The Telegraph reports that:
Britain is already one of the most watched nations on earth and now "talking” CCTV cameras are to be installed in 20 areas across the country.As usual, Eric Blair was well ahead of Tony Blair:
The loudspeakers will allow CCTV operators to bark orders at people committing anti-social behaviour.
'Smith!' screamed the shrewish voice from the telescreen. '6079 Smith W.! Yes, you! Bend lower, please! You can do better than that. You're not trying. Lower, please! That's better, comrade. Now stand at ease, the whole squad, and watch me.'
Monday, April 02, 2007
This is London takes a look at the pervasive surveillance surrounding George Orwell's former home:
According to the latest studies, Britain has a staggering 4.2million CCTV cameras - one for every 14 people in the country - and 20 per cent of cameras globally. It has been calculated that each person is caught on camera an average of 300 times daily.

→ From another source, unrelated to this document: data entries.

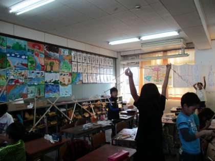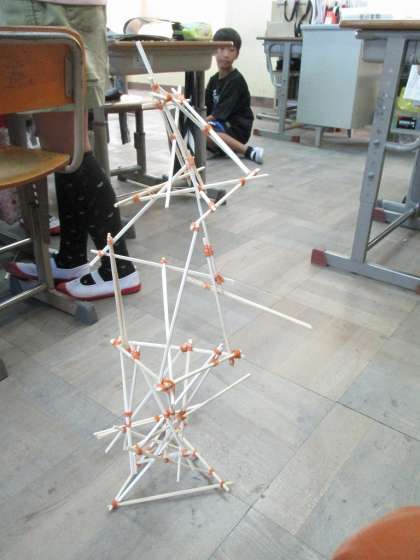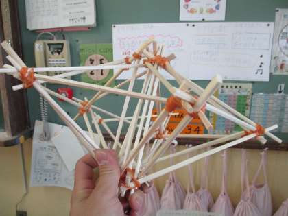 使うものは割りばしと輪ゴムだけ。どんどんつないでいくと,長くなったり,高くなったり。思い思いの形が出来上がっていました。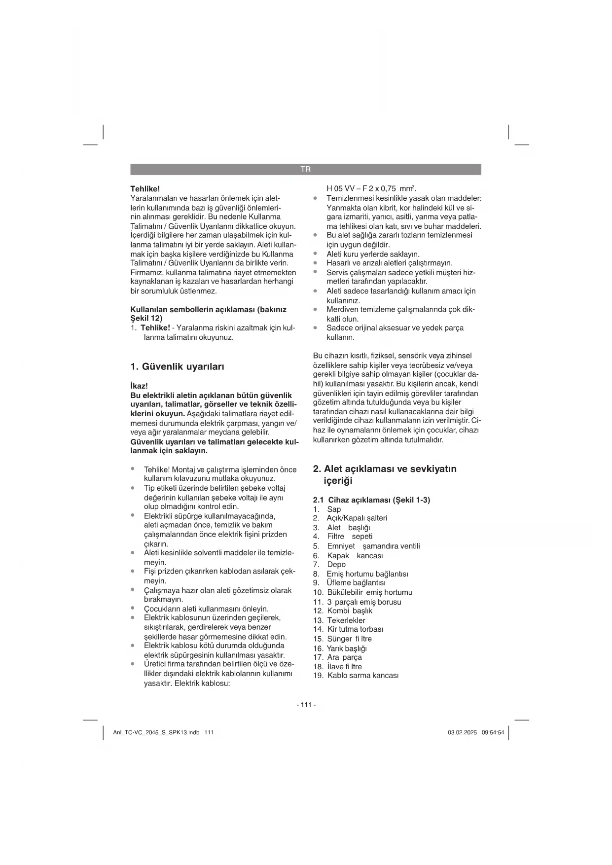 Cihazı her kullanım sonrasında temizlemenizi tavsiye ederiz. Anl_TC-VC_2045_S_SPK13.indb 113Anl_TC-VC_2045_S_SPK13.indb 113 03.02.2025 09:54:5403.02.2025 09:54:54TR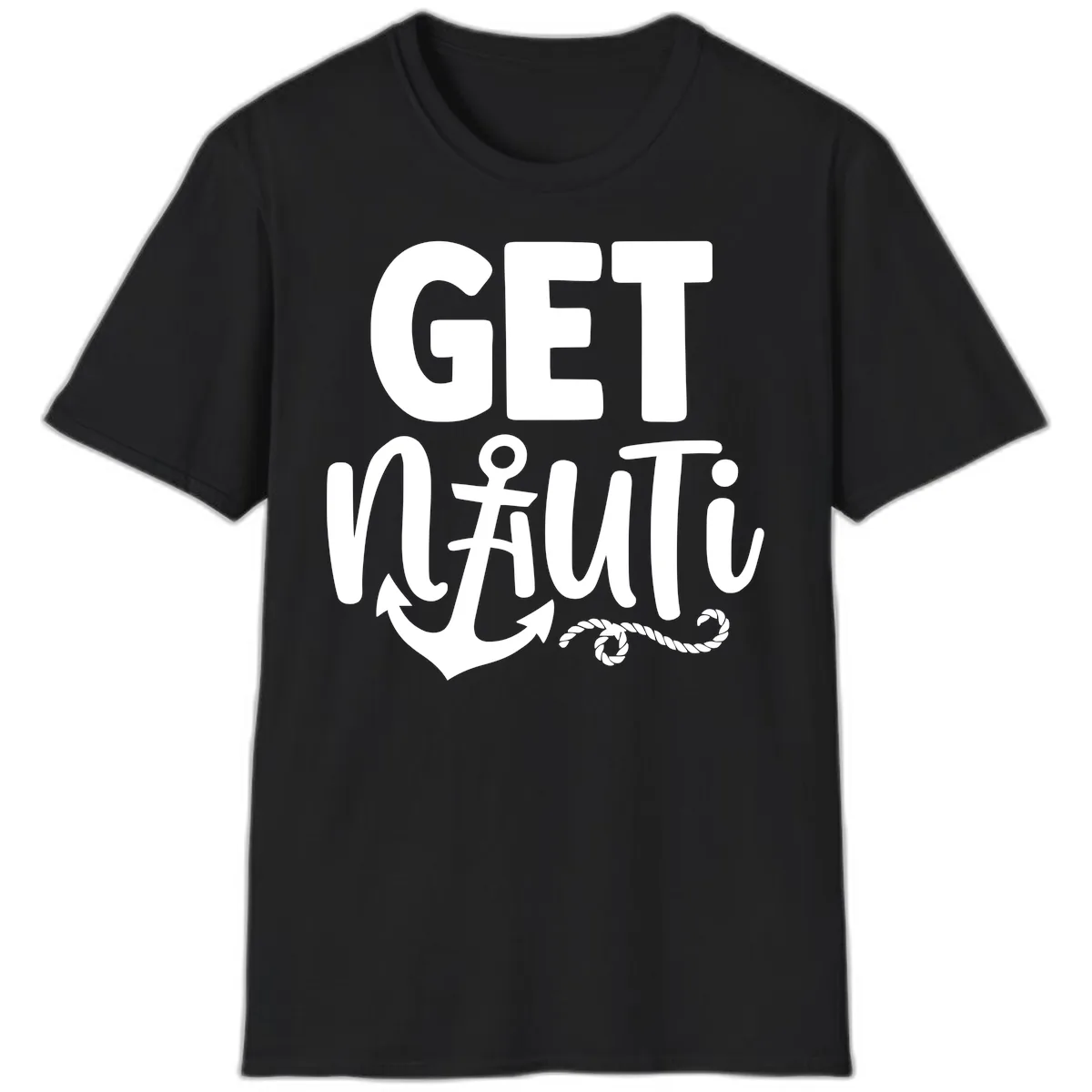 This classic unisex T-shirt features our unique 'Get Nautical' design. It boldly spells out the phrase with an anchor integrated into the 'A' and a cross symbol, all accented with rope details on a gray background, perfect for your cruise adventure.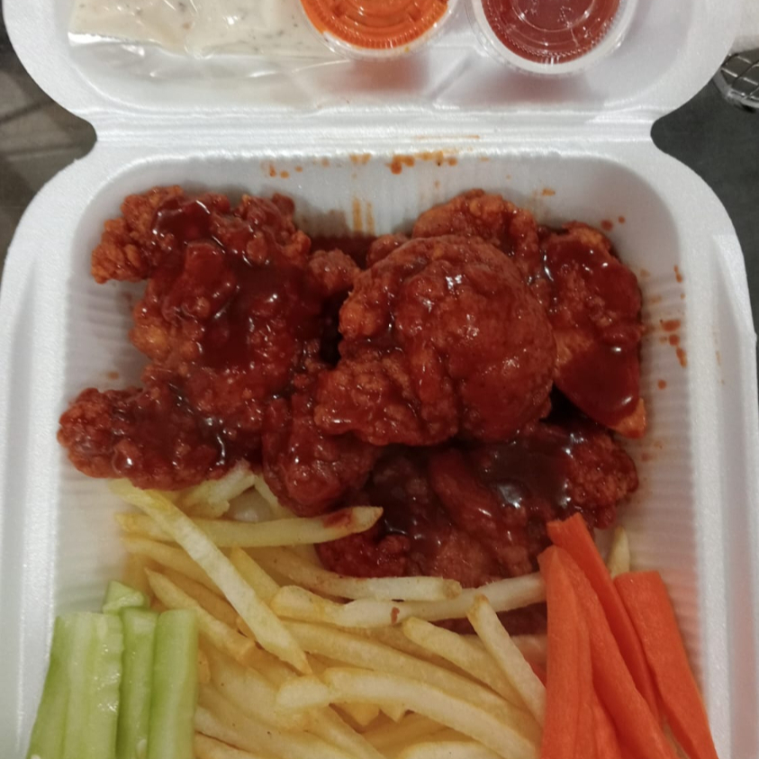 300gr. de Boneles bañados e Salsa Bufalo o Bbq, una oren de Papas Fritas, Aderezo Ranch, Capsup, Zanahoria, Pepino y Salsa Picante

Use of spy cameras in modern-day Britain is now a chilling mirror image of Orwell's fictional world, created in the post-war Forties in a fourth-floor flat overlooking Canonbury Square in Islington, North London.
On the wall outside his former residence - flat number 27B - where Orwell lived until his death in 1950, an historical plaque commemorates the anti-authoritarian author. And within 200 yards of the flat, there are 32 CCTV cameras, scanning every move.
Orwell's view of the tree-filled gardens outside the flat is under 24-hour surveillance from two cameras perched on traffic lights.
The flat's rear windows are constantly viewed from two more security cameras outside a conference centre in Canonbury Place.
In a lane, just off the square, close to Orwell's favourite pub, the Compton Arms, a camera at the rear of a car dealership records every person entering or leaving the pub.
Within a 200-yard radius of the flat, there are another 28 CCTV cameras, together with hundreds of private, remote-controlled security cameras used to scrutinise visitors to homes, shops and offices.
The message is reminiscent of a 1949 poster to mark the launch of Orwell's 1984: 'Big Brother is Watching You'.